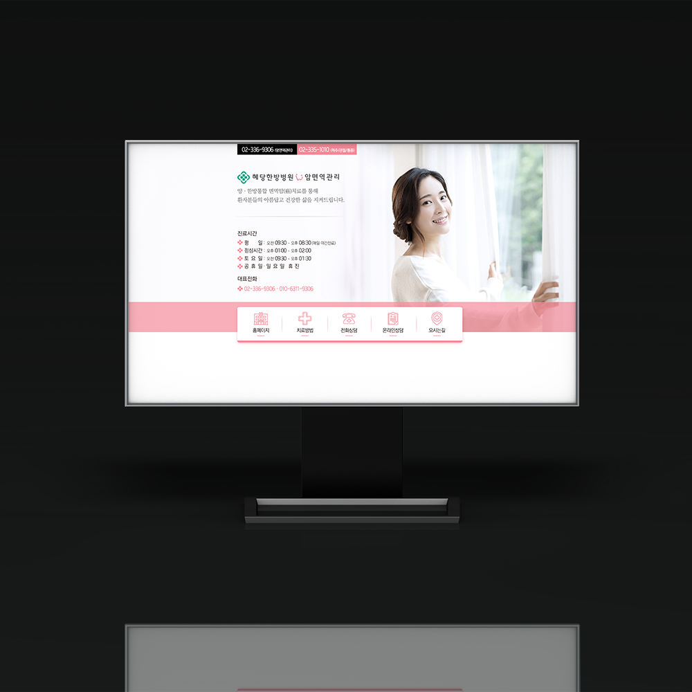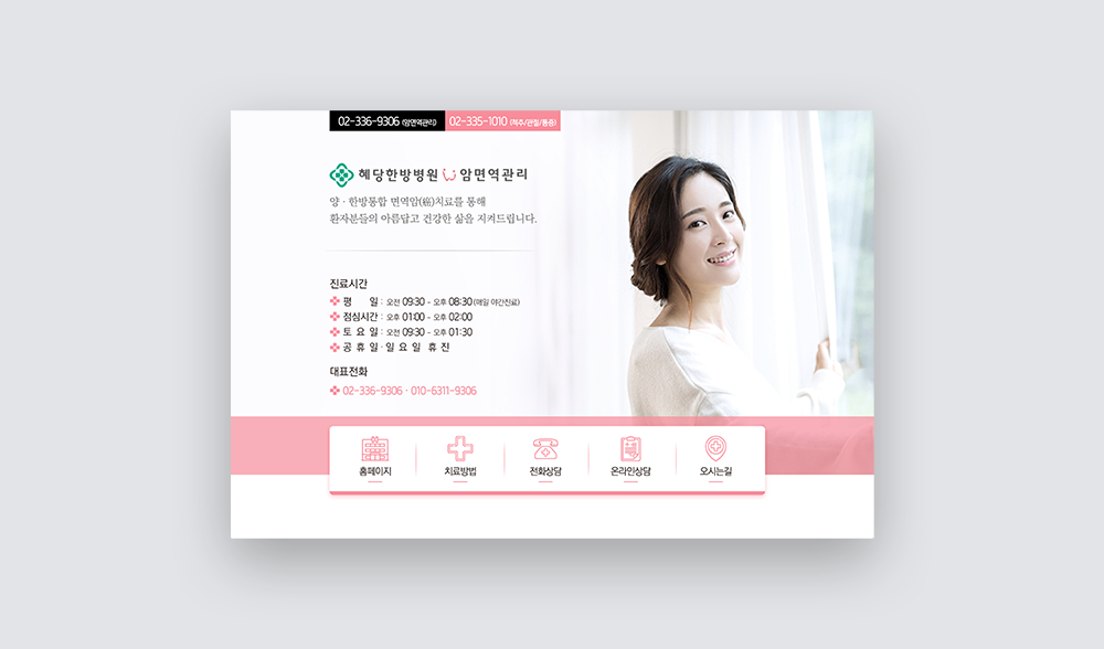 빠른 제작기간, 여성스러우면서도 따뜻한 느낌의 디자인, 심플하면서 기존에 충실한 디자인, 직접 이미지 등을 활용하여 제작하기를 원하셨습니다. 혜당한방병원 홈페이지를 참고하여 관련 요소들을 찾았습니다. 로고 이미지의 경우에는 더 크게 제작하고 싶었으나, 원본 이미지의 경우(Png 이미지파일) 벡터 이미지 파일이 아니여서 화질 저하를 우려해 원본 사이즈 그대로 사용하였습니다.
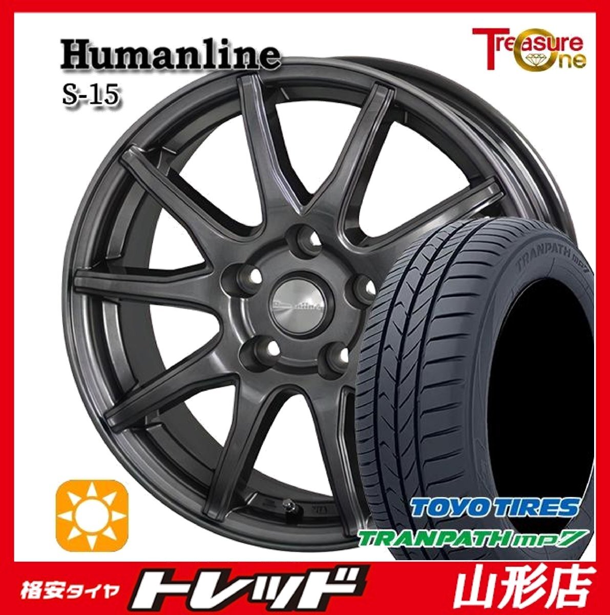 > 山形店 新品 夏タイヤホイール4本セット Humanline S-15 16インチ 6.5J 5H114.3 +53 GMBK トーヨー トランパスmp7 205/60R16 2025年製 ノア
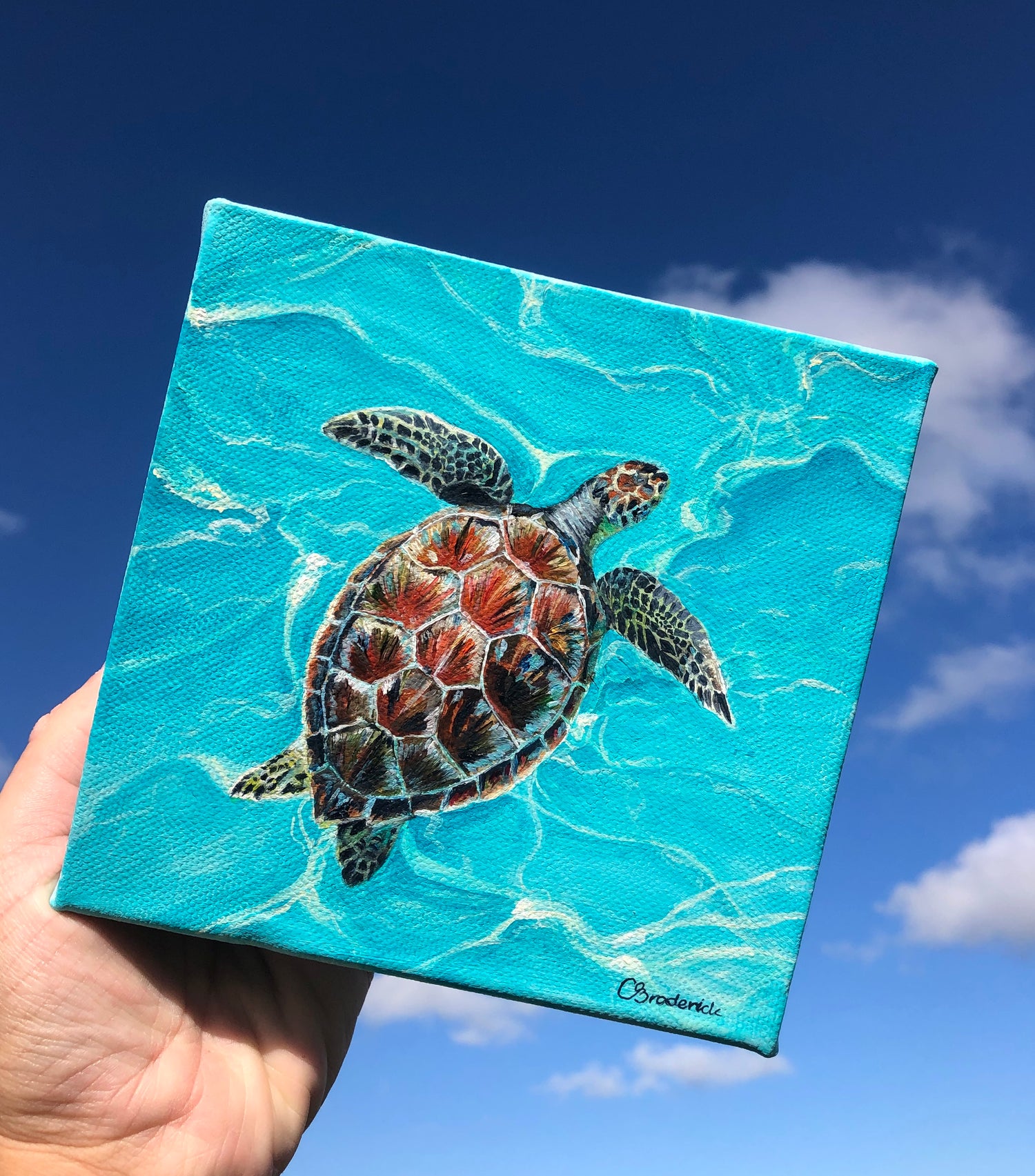 I love watching the turtles swimming along the shallow waters in the Capricorn Cays
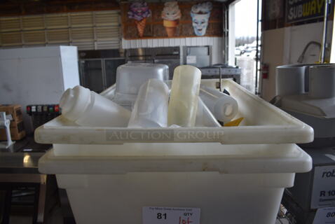 ALL ONE MONEY! Lot of Various Items Including Poly Condiment Bottles and Drop In Bins in 2 Large Poly Bins
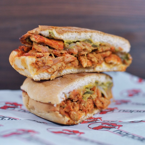 1 torta de chile relleno, 1 torta de pierna adobada, 1 burro de pollo, 1 burro de deshebrada, 2 coca-cola en lata, 1/4 de litro de ensalada de papa.
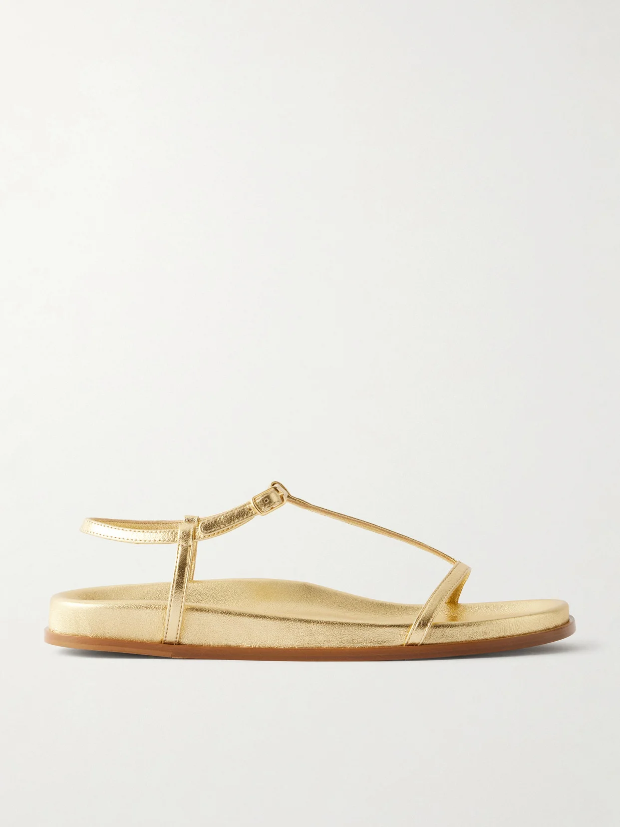 The 'Aya' sandals by Emme Parsons are defined by delicate straps that form a T-shape across the foot and loop around the ankle. Crafted from washed gold nappa leather, they rest on a welted footbed and are finished with a slender buckle to adjust the fit.
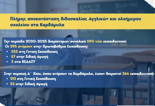 Η εξέλιξη αυτή έρχεται σε συνέχεια της πρόσφατης συνάντησης (22/01/26) του κ. Μηταράκη με τον Υφυπουργό Κλιματικής Κρίσης και Πολιτικής Προστασίας Κώστα Κατσαφάδο και τον Γενικό Γραμματέα Αποκατάστασης Φυσικών Καταστροφών και Κρατικής Αρωγής Πέτρο Καμπούρη, κατά την οποία συζητήθηκε η συνολική πρόοδος των μέτρων στήριξης για τις πληγείσες περιοχές της Χίου.
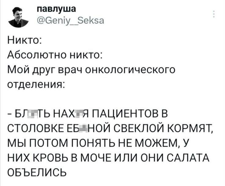— Петрович, ты с ума сошёл – в больничной палате духи пить? От тебя же на километр цветами нести будет!
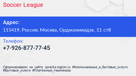 Soccer League по адресу 115419, Россия, Москва, Орджоникидзе, 11 ст8 в дальнейшем Организация, размещена в следующих категориях:
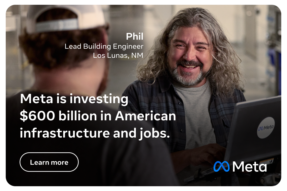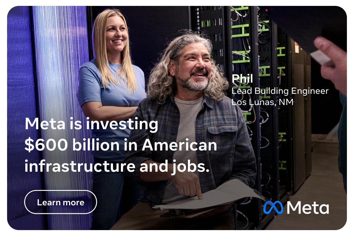 Meta is investing $600 billion in American infrastructure and jobs, creating opportunities in communities nationwide.

☆ ☆ ☆

= Task requirements =
Beginning with the line that holds "The 'Aya' sandals", output each line to the end of the material above, exactly, omitting the pictures.

= Written solution =
 The 'Aya' sandals by Emme Parsons are defined by delicate straps that form a T-shape across the foot and loop around the ankle. Crafted from washed gold nappa leather, they rest on a welted footbed and are finished with a slender buckle to adjust the fit.
 Η εξέλιξη αυτή έρχεται σε συνέχεια της πρόσφατης συνάντησης (22/01/26) του κ. Μηταράκη με τον Υφυπουργό Κλιματικής Κρίσης και Πολιτικής Προστασίας Κώστα Κατσαφάδο και τον Γενικό Γραμματέα Αποκατάστασης Φυσικών Καταστροφών και Κρατικής Αρωγής Πέτρο Καμπούρη, κατά την οποία συζητήθηκε η συνολική πρόοδος των μέτρων στήριξης για τις πληγείσες περιοχές της Χίου.
— Петрович, ты с ума сошёл – в больничной палате духи пить? От тебя же на километр цветами нести будет!
 Soccer League по адресу 115419, Россия, Москва, Орджоникидзе, 11 ст8 в дальнейшем Организация, размещена в следующих категориях:
 Meta is investing $600 billion in American infrastructure and jobs, creating opportunities in communities nationwide.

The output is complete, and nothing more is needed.